Outcome: RAG + prompts handle most use cases. The company isn't quirky enough to need fine-tuning for voice.
Mistakes we see
A few patterns of misallocation:
Mistake 1: Reaching for fine-tuning first. Teams hear "we should fine-tune our own model" and start there. 90% of the time, prompting + RAG would have been faster, cheaper, and as good.
Mistake 2: Skipping RAG when it's the answer. Teams build elaborate prompts to "remind" the model of company info that should obviously be retrieved at query time. Better to just retrieve.
Mistake 3: Fine-tuning without evals. "We fine-tuned and it's better now." No metrics. Often the fine-tune did nothing or even hurt. Without evals, you don't know.
Mistake 4: Stale fine-tunes. A fine-tune from 6 months ago, when GPT-4 was best. Today's frontier models without the fine-tune outperform the fine-tuned older model. Fine-tunes need re-evaluation as the field moves.
Mistake 5: Trying to fine-tune in facts. Teams try to fine-tune the model to "know about our company." Doesn't work well — the model memorizes some facts, hallucinates others. RAG handles facts; fine-tuning handles behavior.
Mistake 6: Not iterating on prompts long enough. Two days of prompt iteration is a starting point. Two weeks gets you the real answer.
Mistake 7: Over-engineering RAG when prompting could do it.
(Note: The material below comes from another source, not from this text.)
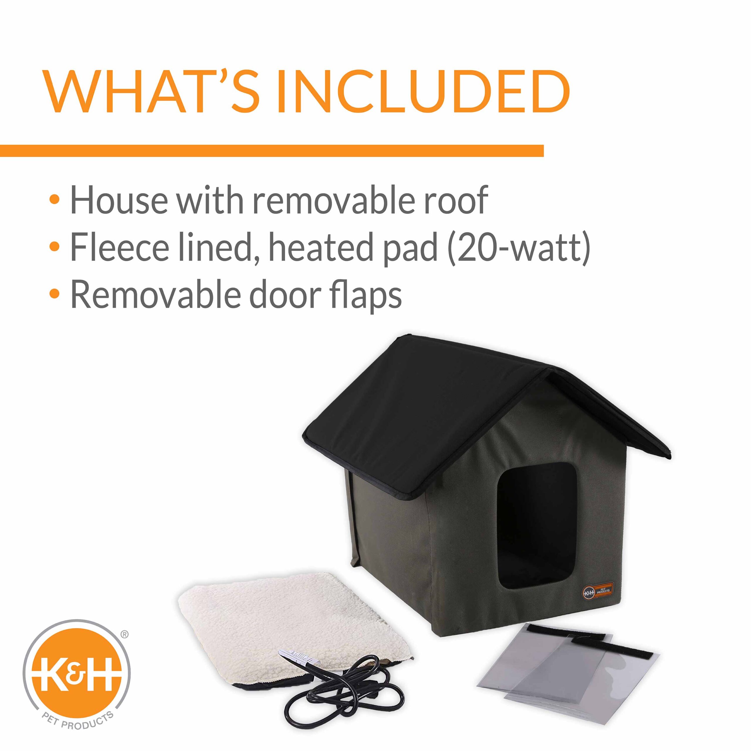 The included 20 watt MET Safety Listed Lectro-Soft Indoor/Outdoor Heated Bed inside the K&H Outdoor Heated Kitty House keeps your kitties warm all winter long, even in sub-zero temperatures. The K&H Lectro-Soft is thermostatically controlled by an internal preset thermostat to safely keep your pets warm. The K&H Outdoor Heated Kitty Houses are made with heavy denier polyester that makes it water/weather resistant. The walls and roof are insulated to protect your kitty from the harmful elements of winter. The roof of the K&H Outdoor Heated Kitty House hangs over the 2 doors to keep cats warm, safe and dry. The K&H Outdoor Heated Kitty House features two exits with removable plastic flaps so pets cannot be trapped by predators and yet still have sufficient protection. It’s easy to assemble and no tools are required. Product includes manufacturer’s one year limited warranty. The heated floor included with this product has been rigorously tested and is certified by MET Laboratories to exceed USA and Canadian electrical safety standards. Keep all cats of any shape and size warm and comfortable in this easy-to-assemble, winter-proof and insulted cat shelter. The featured 20 Watt MET safety listed plush heated pet bed inside the K&H outdoor heated kitty house keeps your kitties warm — even in sub-zero temperatures! Two exits include removable clear door flaps to protect kitty from the harsh elements of winter, and the heated pad cover is conveniently removable and washable for continual use. Perfect for cats that prefer to sleep in garages, porches, barns, or even in colder parts of the house. This outdoor heated cat house has been tested and certified by MET Labs and exceeds USA/CA electrical safety standards.

A 50K-token company doc dumped in the prompt is sometimes simpler than RAG. Especially for small corpora.
Cost and effort comparison
A rough comparison for a typical mid-sized project:
| Approach | Effort | Cost (one-time) | Cost (per query) | Maintenance | |----------|--------|----------------|------------------|-------------| | Prompting | 1-2 weeks | minimal | base API cost | low | | RAG | 6-12 weeks | infrastructure setup (~€1K-5K) | 2-5x base | moderate (ingestion, eval) | | Fine-tuning (LoRA) | 6-12 weeks | training compute (~€500-5K) | base (often cheaper if smaller model) | high (data, retrain, eval) | | Prompting + RAG | 8-14 weeks | infrastructure | 2-5x base | moderate | | All three | 12-20 weeks | combined | varies | high |
The right choice depends on your problem and resources. For most teams, prompting + RAG is the sweet spot — meaningful capability gain without the full fine-tuning investment.
The takeaway
Prompting, RAG, and fine-tuning solve different problems. Picking right requires honest diagnosis: is this an instructional gap, a knowledge gap, or a capability gap?
The honest order to try them:
- Prompting (1-2 weeks of iteration). Cheapest, fastest, most often sufficient.
- RAG if there's a clear knowledge gap. Significant investment but well-bounded.
- Fine-tuning if there's a clear capability gap that prompting + RAG can't close. Most expensive; do it last.
- Combinations for mature production systems.
The teams that succeed are honest about which gap they have and disciplined about evals. Without evals, you can't tell which approach helped. With them, the path is usually clear.
Most "we need to fine-tune our own model" projects, on closer inspection, should be "we need to write better prompts and add RAG." Save fine-tuning for the cases that truly need it.
The result: better systems, faster, at lower cost. Which is what shipping production AI is supposed to be about.